▸ **The problem**
Would you please output all the records exactly as given? Pictures should not appear in the copy.

BEGIN Material to process

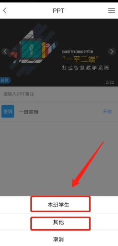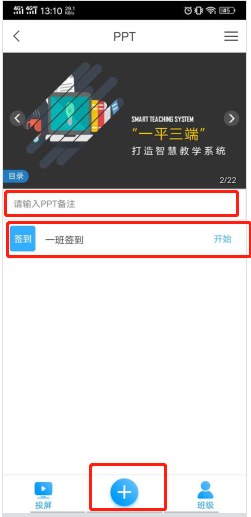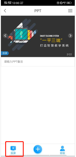 2、上传完成直接点击ppt进入ppt手机端控制界面。点击右下角“投屏”按钮,根据提示在电脑端输入网址及投屏码。(需根据提示选择投屏班级)
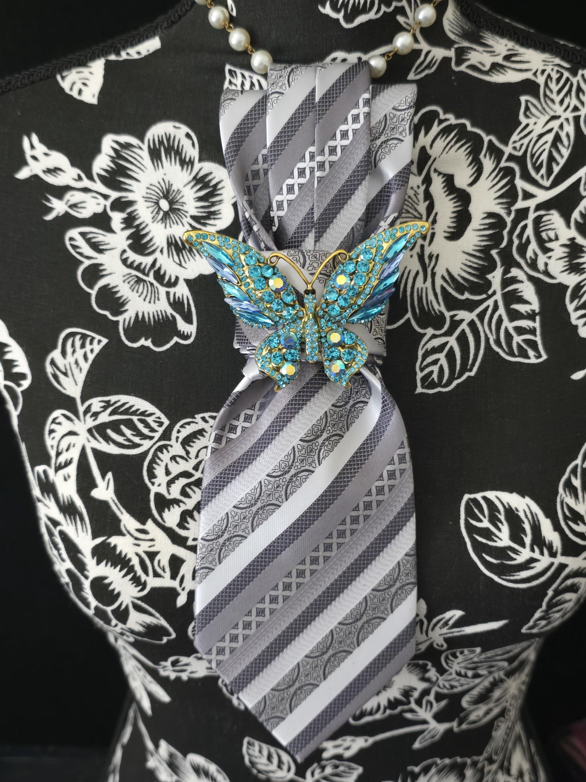 Gray Stripe Necktie Necklace: Gray Silk, Rhinestone Butterfly Brooch
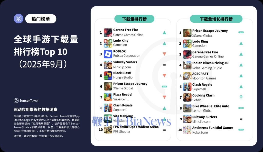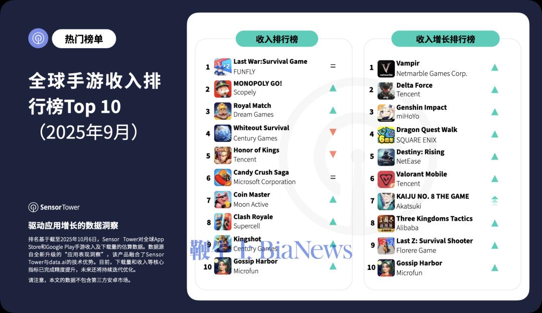 榜单显示,《LastWar:SurvivalGame》登顶2025年9月全球手游收入榜。《MONOPOLYGO!》紧随其后位列第2,《RoyalMatch》位列第3。《WhiteoutSurvival》位列第四,《王者荣耀》下降三名,跻身前五。
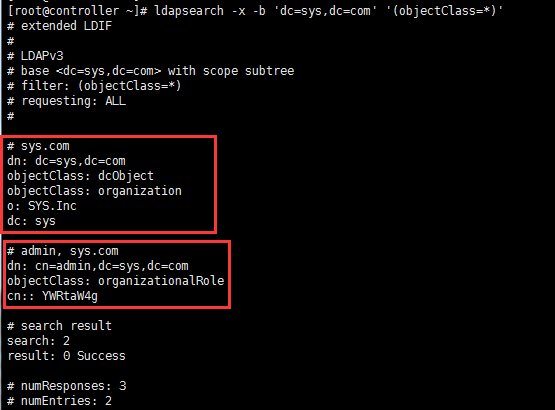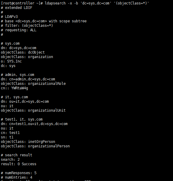 [root@localhost ~]# ldapsearch -x -b 'dc=sys,dc=com' '(objectClass=*)'
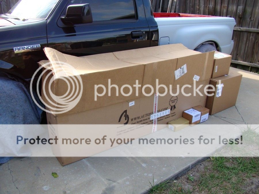 About 3:26 pm today I received my proof of delivery from Fed Ex that my parts had arrived. I couldn’t wait to get home and make sure everything was secure and none of the 2011 body parts were on back order. I found the boxes neatly stacked in the back yard next to the truck.
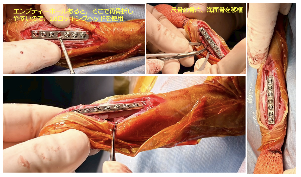 右上腕骨頭において、2.0のドリルビットを用いて皮質骨を貫通し、キュレットで海面骨を採取した
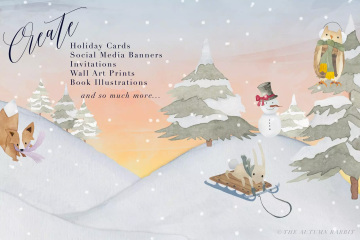 图穷联素材库 » 冬天冬季水彩场景设计 Watercolor Winter S

END Material to process

▸ **Exercise output**
 2、上传完成直接点击ppt进入ppt手机端控制界面。点击右下角“投屏”按钮,根据提示在电脑端输入网址及投屏码。(需根据提示选择投屏班级)
 Gray Stripe Necktie Necklace: Gray Silk, Rhinestone Butterfly Brooch
 榜单显示,《LastWar:SurvivalGame》登顶2025年9月全球手游收入榜。《MONOPOLYGO!》紧随其后位列第2,《RoyalMatch》位列第3。《WhiteoutSurvival》位列第四,《王者荣耀》下降三名,跻身前五。
 [root@localhost ~]# ldapsearch -x -b 'dc=sys,dc=com' '(objectClass=*)'
 About 3:26 pm today I received my proof of delivery from Fed Ex that my parts had arrived. I couldn’t wait to get home and make sure everything was secure and none of the 2011 body parts were on back order. I found the boxes neatly stacked in the back yard next to the truck.
 右上腕骨頭において、2.0のドリルビットを用いて皮質骨を貫通し、キュレットで海面骨を採取した
 图穷联素材库 » 冬天冬季水彩场景设计 Watercolor Winter S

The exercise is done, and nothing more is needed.